Concern over Sport England figures

If you believe Nigel Wood, this week’s Sport England participation figures, which revealed a sharp fall in the number of people playing rugby league, should not be a cause for alarm.

Yet many of those involved in the game at grassroots level will almost certainly disagree with the Rugby Football League (RFL) chief executive’s version of the truth.

Talk to the players, coaches, volunteers and administrations of community clubs and they will tell you about the uphill battle they face recruiting and retaining players.

More than ever, rival sports are in fierce competition with each other to grab a slice of what limited recreational time people have.

And according to the body in charge of distributing public money to sustain and increase sports participation, rugby league is not winning that battle.

For the period between October 2013 and October 2014, the Active People Survey found 32,500 people played rugby league for 30 minutes at least once a week.

That figure was 53,500 for the previous 12 months: a drop of 21,000.

Rugby league is not alone: Overall the number of people regularly playing sport is down by 125,000 and other sports have seen sizeable declines including swimming, the most popular sport in terms of participation.

What has been interesting is the differing responses from governing bodies.

Amateur Swimming Association (ASA) head Edward Lord said the figures highlighted a ‘major issue’ and his organisation would be ‘putting all its resources’ into finding out the cause for the fall, and working to reverse it.

Meanwhile, the RFL and Wood have essentially dismissed the findings of the survey outright, insisting its plans and programmes are working.

It’s an ostrich-like response and one that will annoy and frustrate many at the coalface of the sport.

It’s a stance based on the justification of ‘the Active People figures are calculated by extrapolating data from a sample survey but the RFL’s own metrics, which provide a more definitive measure, are based on actual registered player numbers’,

“Our analytics shows that we had more rugby league teams, and more people playing rugby league, in 2014 than ever before across all derivatives of the game and there can be no doubts that we are heading in the right direction,” Wood said in the RFL’s response to the Sport England research.

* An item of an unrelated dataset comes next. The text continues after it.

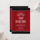 Une surprise moderne rouge et noir sophistiquée 60e anniversaire invitation dîner soirée avec texte blanc et des rayures dorées et argent.
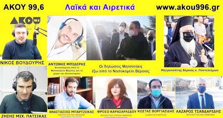 Ο δήμαρχος Βέροιας Κ. Βοργιαζίδης και ο βουλευτής ΝΔ Ημαθίας Λάζαρος Τσαβδαρίδης ζωντανά μέσω skype από τον χώρο δίπλα από το δικαστικό μέγαρο όπου θα ανεγερθεί το διοικητήριο και επισκέφθηκαν μαζί με τον πρωθυπουργό. Είχε προηγηθεί η τηλεφωνική επικοινωνία με την βουλευτή ΣΥΡΙΖΑ Ημαθίας Φρόσω Καρασαρλίδου, ενώ την παρουσία των βουλευτών έκλεισε με τηλεφωνική παρέμβαση ο Τάσος Μπαρτζώκας. Με την παρουσία του τίμησε την εκπομπή για μια ακόμη φορά δίνοντας τηλεφωνικά το μήνυμα και τις ευχές του σε όλο τον κόσμο ο Μητροπολίτης Βεροίας κ. Παντελεήμων.

“The outstanding development work that is taking place across the sport is recognised by Sport England as being both innovative and effective and we remain committed to introducing as many people as possible to the joys of rugby league.

“The offers we have in place such as Play Touch Rugby League are being well received by new players across the country and I am confident the sport will continue to grow as we enter an exciting new era.”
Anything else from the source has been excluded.